Remember: The scientist is Frankenstein, not the creature. But, willingly or not, the scientist, Frankenstein, is the villain.
*
November 21, 1931 was a Saturday. Baseball was out of season. Basketball barely existed. There were 2 games in the NHL that day: The New York Rangers beat the Toronto Maple Leafs, 5-3, in only the 3rd game ever played at Maple Leaf Gardens in Toronto. And the Montreal Canadiens beat the Boston Bruins, 3-0 at the Montreal Forum.
Among the college football games played that day were these:
* Yale beat arch-rival Harvard, 3-0 at Harvard Stadium in Boston.
* Arch-rivals North Carolina and Duke played to a 0-0 tie at Duke Stadium (now Wallace Wade Stadium) in Durham, North Carolina.
* West Virginia beat Penn State, 19-0 at the old Mountaineer Field in Morgantown, West Virginia.
* The University of Southern California beat Notre Dame, 16-14 at Notre Dame Stadium in South Bend, Indiana. USC would be awarded the National Championship, although not every poll agreed: Some gave it to the University of Pittsburgh, who were idle this week.
* In the battle for the Old Oaken Bucket, Purdue beat arch-rival Indiana, 19-0 at the old Memorial Stadium in Bloomington, Indiana.

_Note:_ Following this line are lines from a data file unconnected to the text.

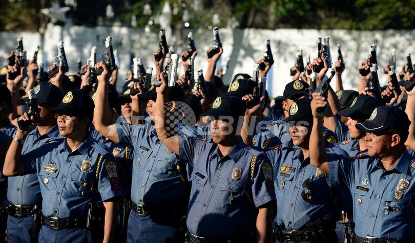 写真はマニラで銃口をテープでふさいだ銃をかかげる国家警察庁(PNP)の警察官ら(2012年12月29日撮影)。(c)AFP/NOEL CELIS
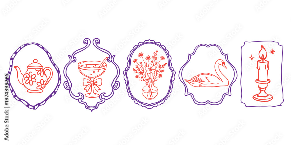 Vintage ornamental frame vector set, hand drawn line art elements floral teapot, cocktail glass with ribbon, flower vase, swan, and candle. design illustration doodle style #1974399265
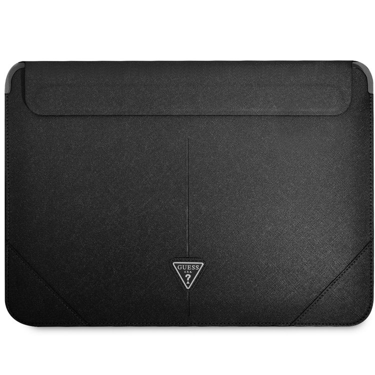 سي جي موبايل جيس GUCS16PSATLK جراب كمبيوتر Saffiano مع شعار مثلث معدني 16 بوصة حقيبة حماية لماك بوك / كمبيوتر محمول حتى 16 بوصة - أسود

* In the battle for the Little Brown Jug, Michigan beat Minnesota, 6-0 at Michigan Stadium in Ann Arbor.
* In a crosstown rivalry, Saint Louis University beat Washington University, 34-0 at Walsh Memorial Stadium in St. Louis. Saint Louis University dropped its football program after the 1949 season. Washington University now compete in NCAA Division III.
* In their annual "Border War," the oldest major collegiate rivalry west of the Mississippi River, Kansas beat Missouri, 14-0 at Memorial Stadium in Lawrence, Kansas.
* In the San Francisco Bay Area's annual "Big Game," the University of California beat Stanford, 6-0 at the old Stanford Stadium in Palo Alto.
* Army beat Ursinus, 54-6 at Michie Stadium in West Point, New York. Ursinus, in the Philadelphia suburb of Collegeville, Pennsylvania, now competes in NCAA Division III.
* Navy lost to Southern Methodist University (SMU), 13-6 at Thompson Stadium in Annapolis, Maryland.
* Previously undefeated Fordham were beaten by still-unbeaten Bucknell, 14-13 at the Polo Grounds. A week earlier, Fordham and New York University played to a 0-0 tie in front of 80,000 at Yankee Stadium. I have a discrepancy as to what NYU did next. According to Sports-Reference.com, on November 21, they beat Carnegie Tech (now Carnegie Mellon), 7-6 at Yankee Stadium. But according to Wikipedia, that game happened 5 days later, on Thanksgiving Day.
* Also in New York City, Columbia and Syracuse played to a tie, 0-0 at Baker Field in Manhattan.
* And among New Jersey's teams, Rutgers finished their season the week before, and Princeton had the week off.